What the exercise asks:
Below, find the line containing "早餐后坐旅馆老板的车到机场。"; from there to the final line, print every line exactly and skip the pictures.

Provided data:
····················

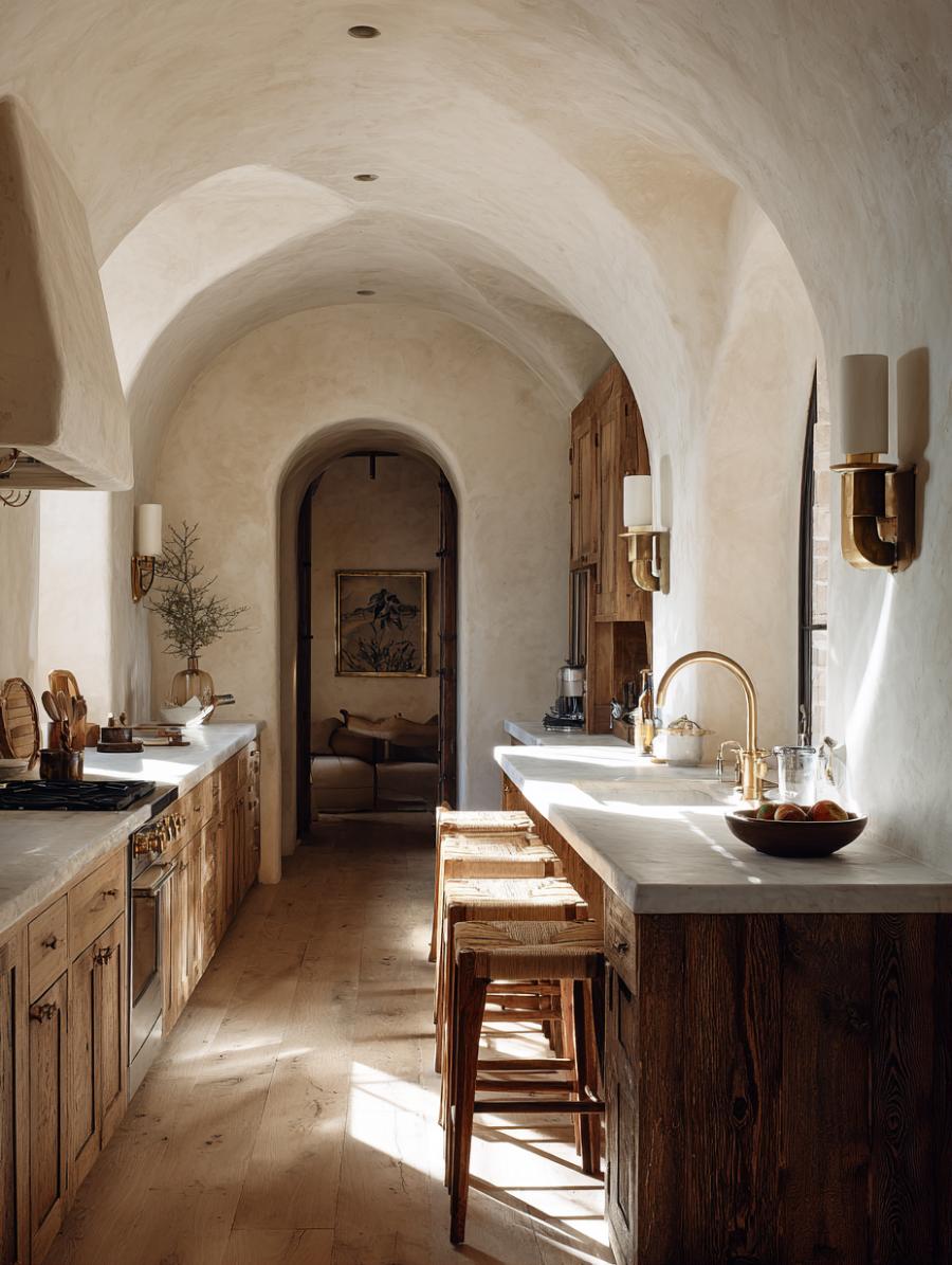 This refined rustic galley kitchen emphasizes sculpted marble details and warm wooden tones that soften the compact layout. The narrow island adds sophistication and practicality, enhancing the space without crowding it. An interplay of natural textures creates a harmonious atmosphere, making the kitchen feel luxurious, intimate, and meticulously designed.
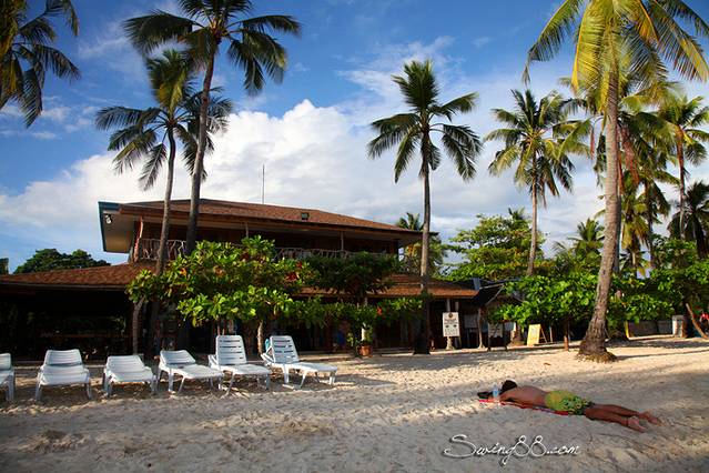 早餐后坐旅馆老板的车到机场。乘12:35的航班到宿务。宿务机场下机以后,乘出租车到4号码头(200P),买好到薄荷岛的船票。到薄荷岛的船有很多家公司在运营,各自的出发时间都不同,可以根据实际时间去选择购买。我买的公司是2GO TRAVEL的,船票来回是710P。船程大约2个小时,到达薄荷岛。薄荷岛上也有很多住宿,但是据说帕劳岛上的Alona海滩是薄荷岛上最漂亮的,所以就决定直接到帕劳岛上的Alona海滩边住下。乘出租车(300P)直接到了帕劳岛上的旅馆。
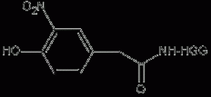4-Hydroxy-3-nitrophenylacetyl hapten is conjugated to HGG (Human gamma globulin) lysine by amide bonds.

····················

Exercise response:
 早餐后坐旅馆老板的车到机场。乘12:35的航班到宿务。宿务机场下机以后,乘出租车到4号码头(200P),买好到薄荷岛的船票。到薄荷岛的船有很多家公司在运营,各自的出发时间都不同,可以根据实际时间去选择购买。我买的公司是2GO TRAVEL的,船票来回是710P。船程大约2个小时,到达薄荷岛。薄荷岛上也有很多住宿,但是据说帕劳岛上的Alona海滩是薄荷岛上最漂亮的,所以就决定直接到帕劳岛上的Alona海滩边住下。乘出租车(300P)直接到了帕劳岛上的旅馆。
4-Hydroxy-3-nitrophenylacetyl hapten is conjugated to HGG (Human gamma globulin) lysine by amide bonds.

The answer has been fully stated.